I have a question that has bugging me for quite some time lately, and I was
wondering what some of the opinions of others were on the subject.

My question is this:
	Do you think it would be faster for a compiler to have a more
	complex scanner that could recognize key-words/reserved identifiers
	immediately (i.e., simply by keeping a record of each inputted 
	character) and not have to hash and search for those key-words
	each time one is encountered, or would it be better to keep the 
	scanner simple, recognizing each key-word as simply an identifier,
	and then search the symbol table to determined wether or not
	your identifier was reserved.

	It is not immediately obvious to me which one would be quicker,
	although I have a tendency to think it may be the former.  
	Lex allows for one to design a scanner of the first type 
	very simply.



						Thanks,
						-Len
-- 

NAME		Len Armstrong
UUCP		{astrovax | bpa | burdvax | allegra }!sjuvax!armstron
ORGANIZATIONS	RCA Advanced Technology Labs
		St. Joseph's University
PHONES		(WORK) (609) 866-6647

stevev@tekchips.UUCP (Steve Vegdahl) (10/21/85)

> 	Do you think it would be faster for a compiler to have a more
> 	complex scanner that could recognize key-words/reserved identifiers
> 	immediately (i.e., simply by keeping a record of each inputted 
> 	character) and not have to hash and search for those key-words
> 	each time one is encountered, or would it be better to keep the 
> 	scanner simple, recognizing each key-word as simply an identifier,
> 	and then search the symbol table to determined wether or not
> 	your identifier was reserved.
> 
> 	It is not immediately obvious to me which one would be quicker,
> 	although I have a tendency to think it may be the former.  
> 	Lex allows for one to design a scanner of the first type 
> 	very simply.

If you ignore things like virtual memory, I'd think that the complex scanner
would be faster if implemented in a straightforward way.  However, this
would increase the size of the state-transition table.  Instead of having
one or two character classes for letters, you'd have something like 26.
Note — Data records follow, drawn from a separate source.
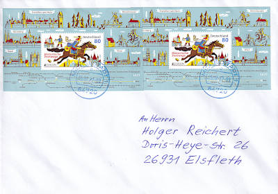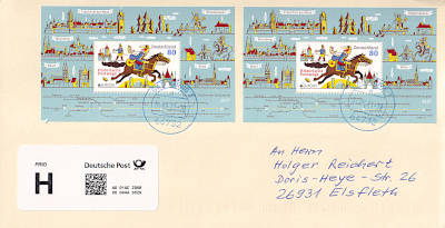 Inlandsbrief (1-20 g) vom 17.01.2020 (10. Periode) frankiert mit einem Block a 80 Cent (=80 Cent) |
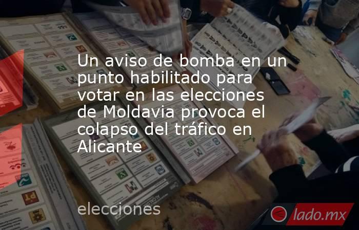 La Policía Nacional ha cortado durante aproximadamente 90 minutos uno de los principales accesos a la ciudad de Alicante, la avenida de Elche, tras recibirse este domingo un aviso anónimo de amenaza de bomba en un colegio electoral habilitado para las elecciones parlamentarias de Moldavia. Finalmente, los artificieros descartaron la presencia de explosivos y se confirmó que se trataba de un falso aviso.
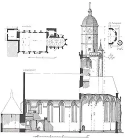 Die Saalkirche ist geostet und hat einen polygonalen Chor. Im Westen stößt die Nikolauskapelle direkt an das Gebäude. Insgesamt ist die Kirche auf drei Seiten von Häusern umgeben und öffnet sich im Osten zur Hauptstraße hin.
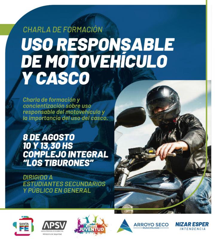 La actual gestión municipal, el jueves 8 de agosto en el Complejo Integral "Los Tiburones", se efectuará una charla de formación y concientización sobre uso responsable del motovehículo y la importancia del casco; dirigida principalmente a estudiantes secundarios y también al público en general.

I prefer to use hashing here because the set of reserved words is known
at compiler-compile time.  Thus, you can analyze the reserved words in
advance and select a *perfect hash function* (or something close to it).
The size of your hash table will be small, and you will be guaranteed
to find any reserved word in a single probe of the table.

		Steve Vegdahl
		Computer Research Lab.
		Tektronix, Inc.
		Beaverton, Oregon